### Aim of the task
The exact lines of the listing, from its first through the line that contains "Trame dalla texture", are to make up the answer, and pictures are to be left out.

### Information shown
# # # #

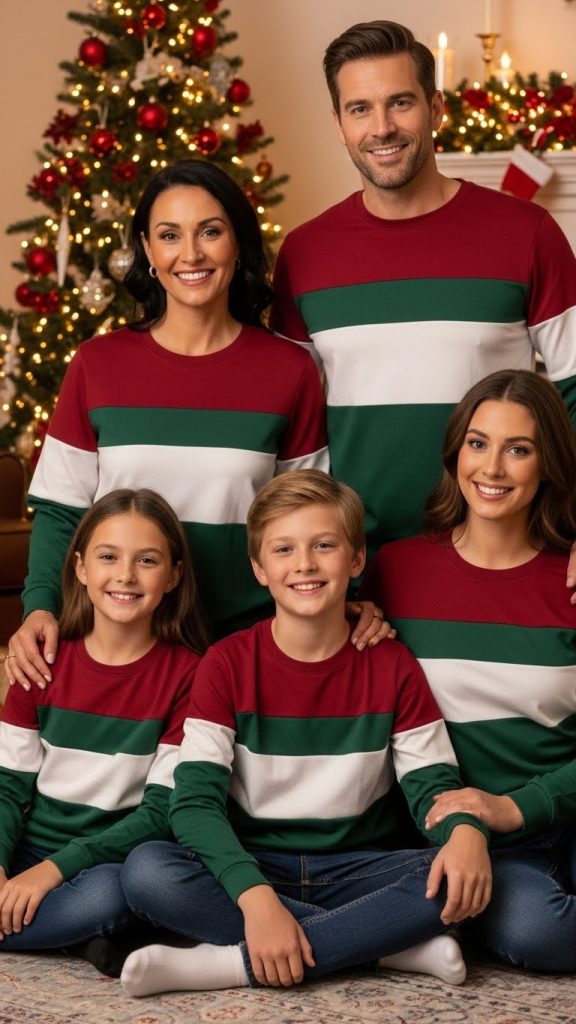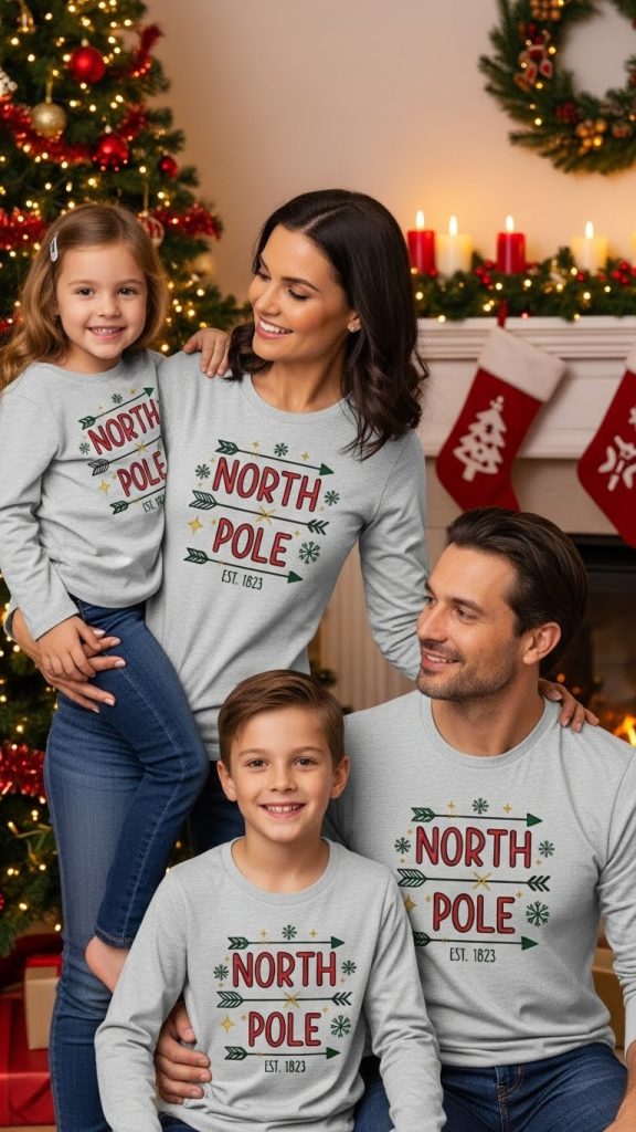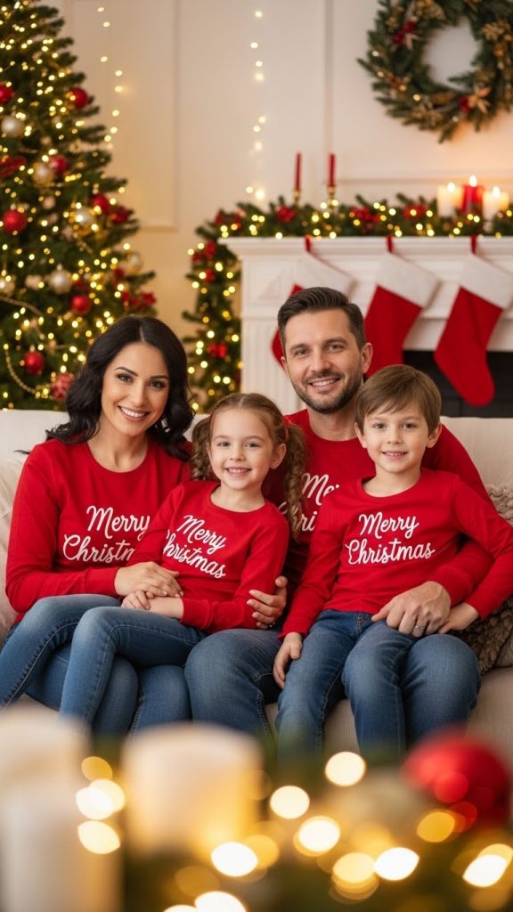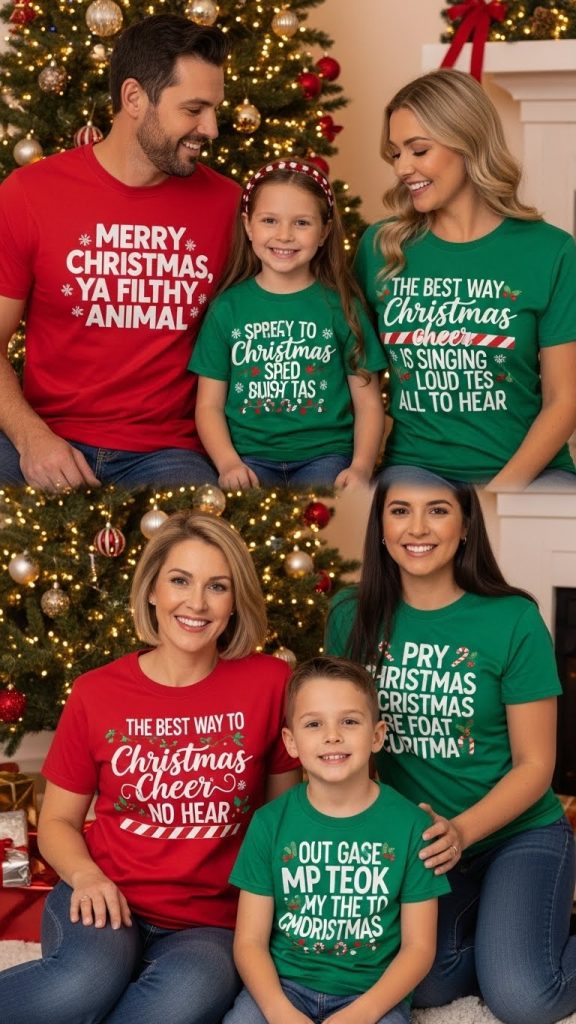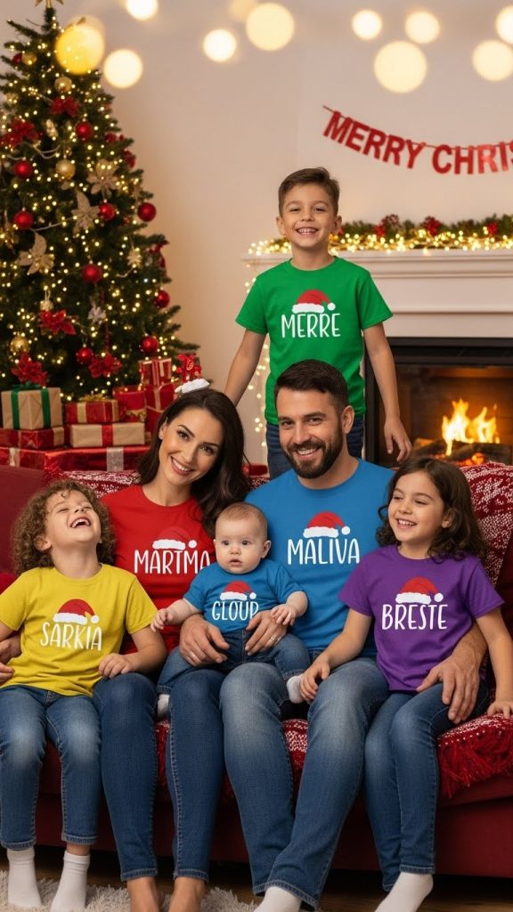 Keep it simple with matching shirts featuring “Merry Christmas” text in festive fonts, perfect for family photos and parties.
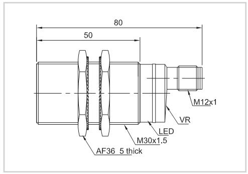 PR30-BC100DPR-E2 – czujnik odbiciowy, zasięg Sn=100cm, PNP, NO+NC, konektor M12, metalowa obudowa, Lanbao
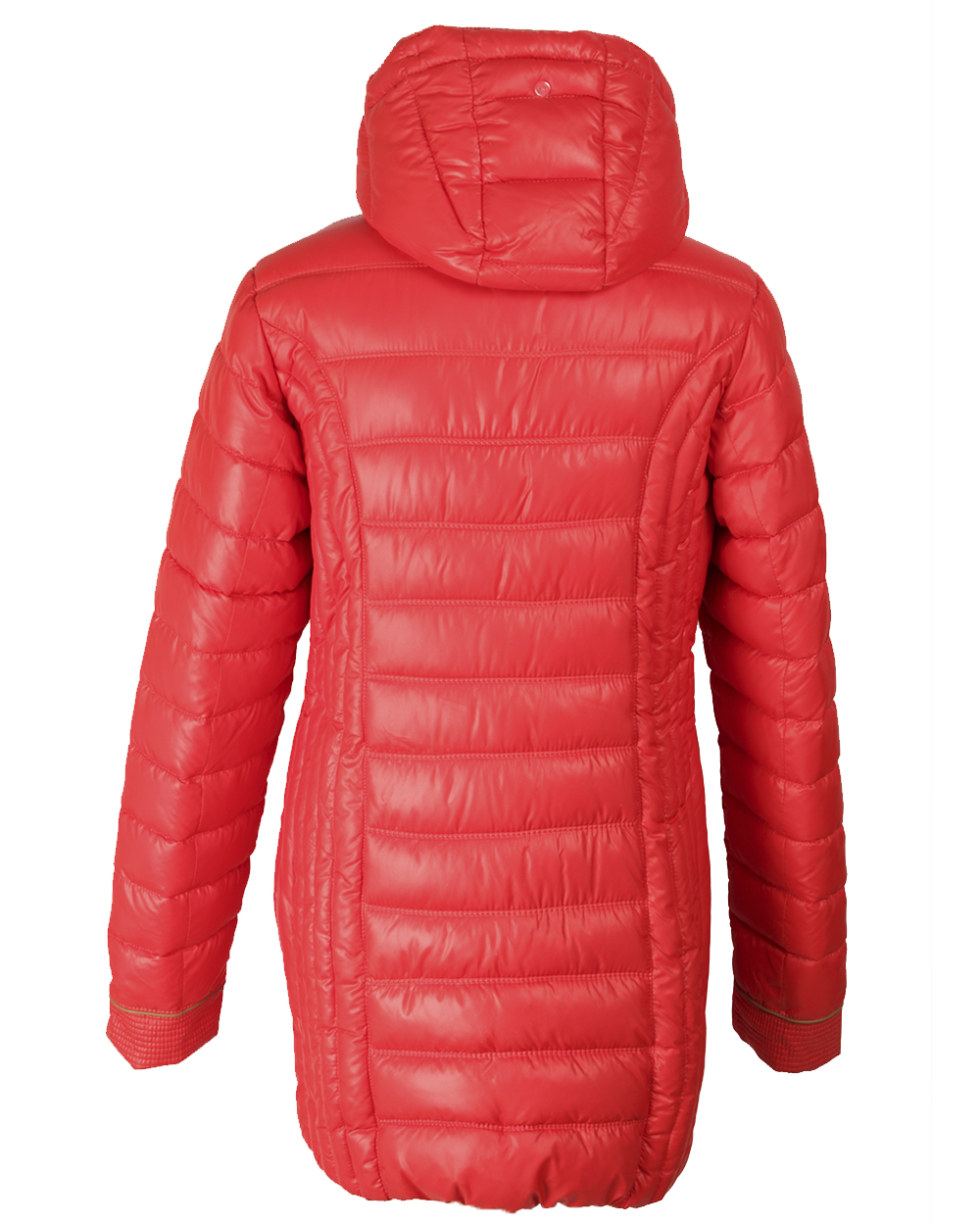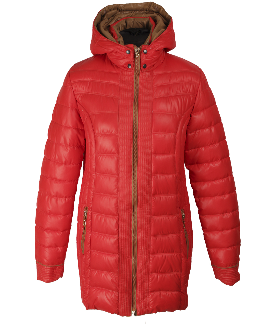 Пуховик женский, красного цвета с капюшоном на кнопках. Золотистая молня придаст больше привлекательности своим блеском.
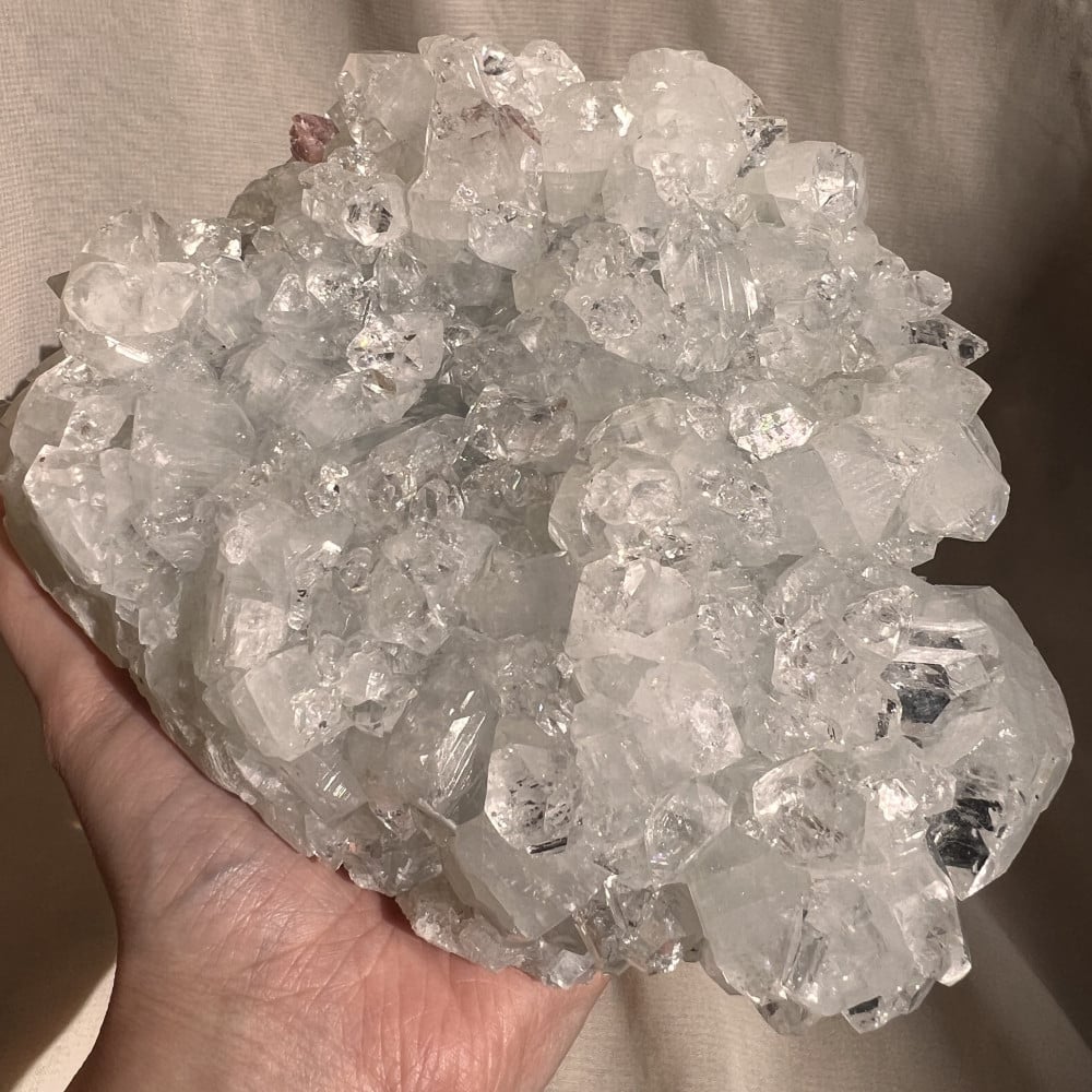 يُعرف بتشكيلاته البلورية الفريدة وألوانه الجميلة، التي تشمل الأبيض والوردي والشفاف.
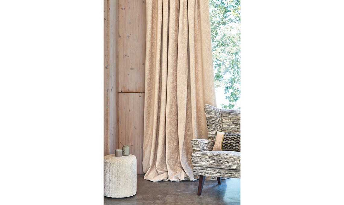 Trame dalla texture moderna, con leggere geometrie incise su un tessuto brillante. La coll. Artesia Weaves mixa la lucentezza del velluto alla morbidezza della ciniglia [Villa Nova, cm 137h €87,50/m].
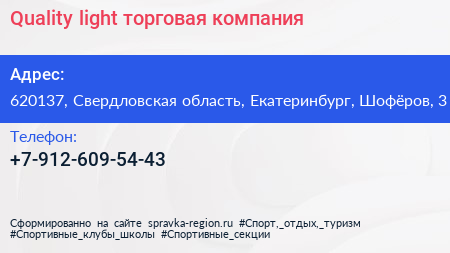 Quality light, торговая компания по адресу 620137, Свердловская область, Екатеринбург, Шофёров, 3 в дальнейшем Организация, размещена в следующих категориях:
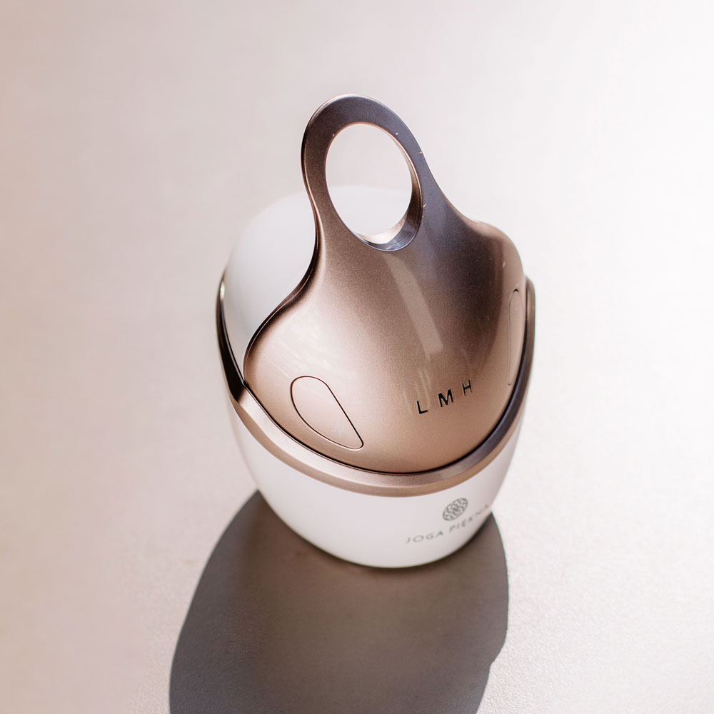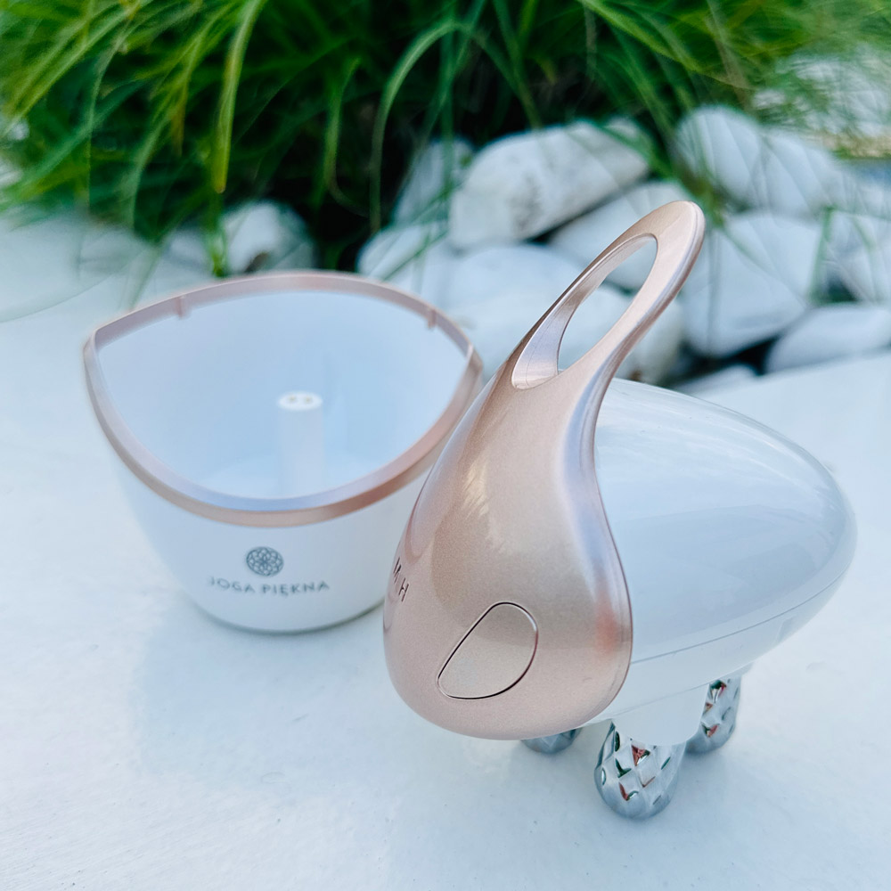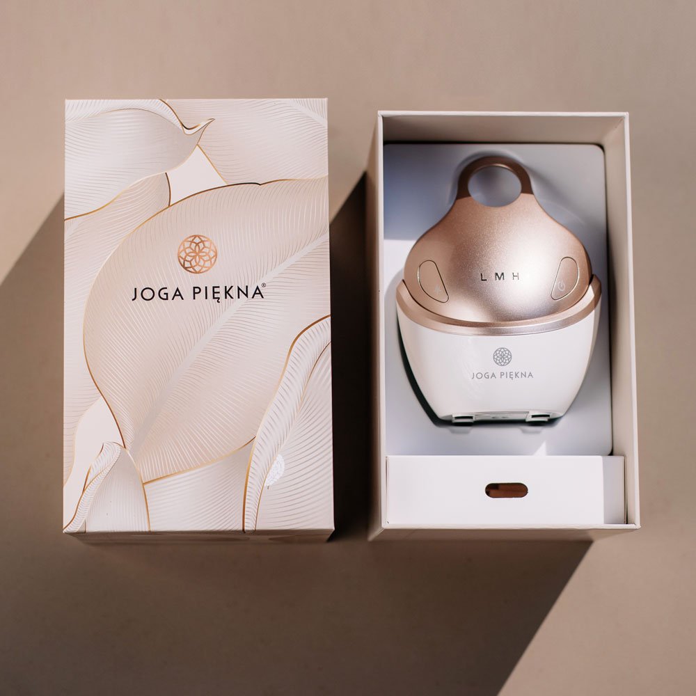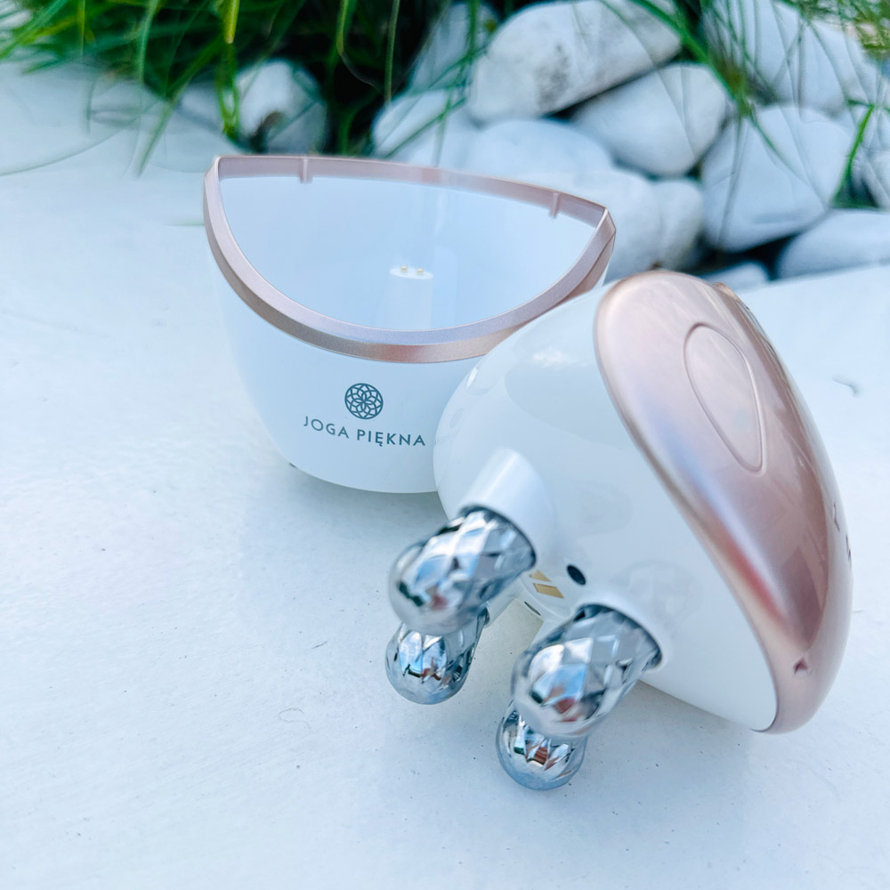 Masażer wielofunkcyjny Joga Piękna Premium jest wyposażony w 4-wymiarowe głowice masujące i 4 diody LED. Umożliwia stymulację skóry na 3 poziomach intensywności — od relaksu po silnie liftingujący masaż, który pobudza syntezę kolagenu i elastyny.
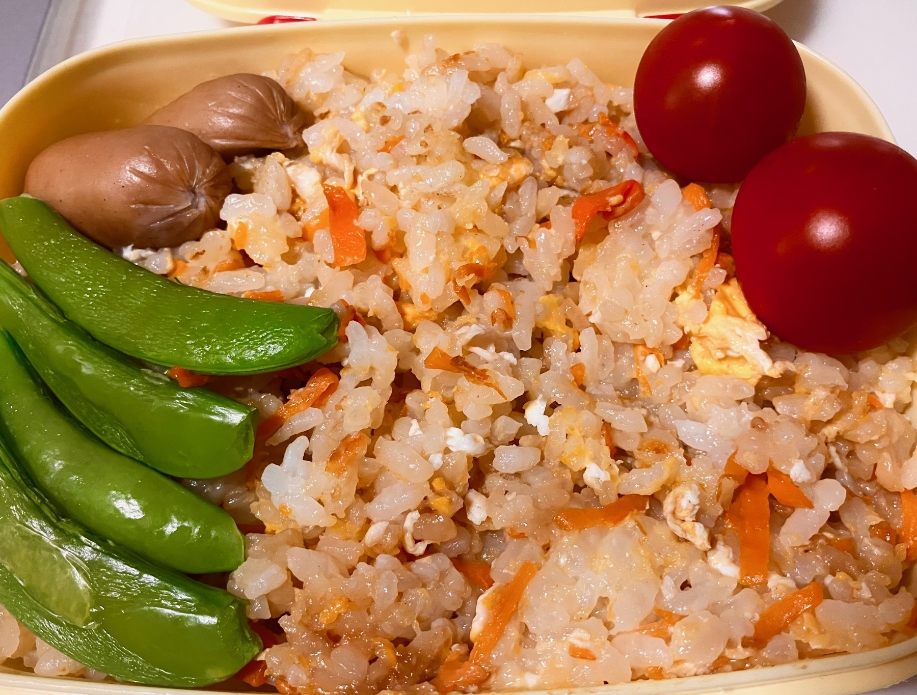 ご飯 🥕 🥚 スナックエンドウ ミニトマト ウィンナー

# # # #

### Answer area
 Keep it simple with matching shirts featuring “Merry Christmas” text in festive fonts, perfect for family photos and parties.
 PR30-BC100DPR-E2 – czujnik odbiciowy, zasięg Sn=100cm, PNP, NO+NC, konektor M12, metalowa obudowa, Lanbao
 Пуховик женский, красного цвета с капюшоном на кнопках. Золотистая молня придаст больше привлекательности своим блеском.
 يُعرف بتشكيلاته البلورية الفريدة وألوانه الجميلة، التي تشمل الأبيض والوردي والشفاف.
 Trame dalla texture moderna, con leggere geometrie incise su un tessuto brillante. La coll. Artesia Weaves mixa la lucentezza del velluto alla morbidezza della ciniglia [Villa Nova, cm 137h €87,50/m].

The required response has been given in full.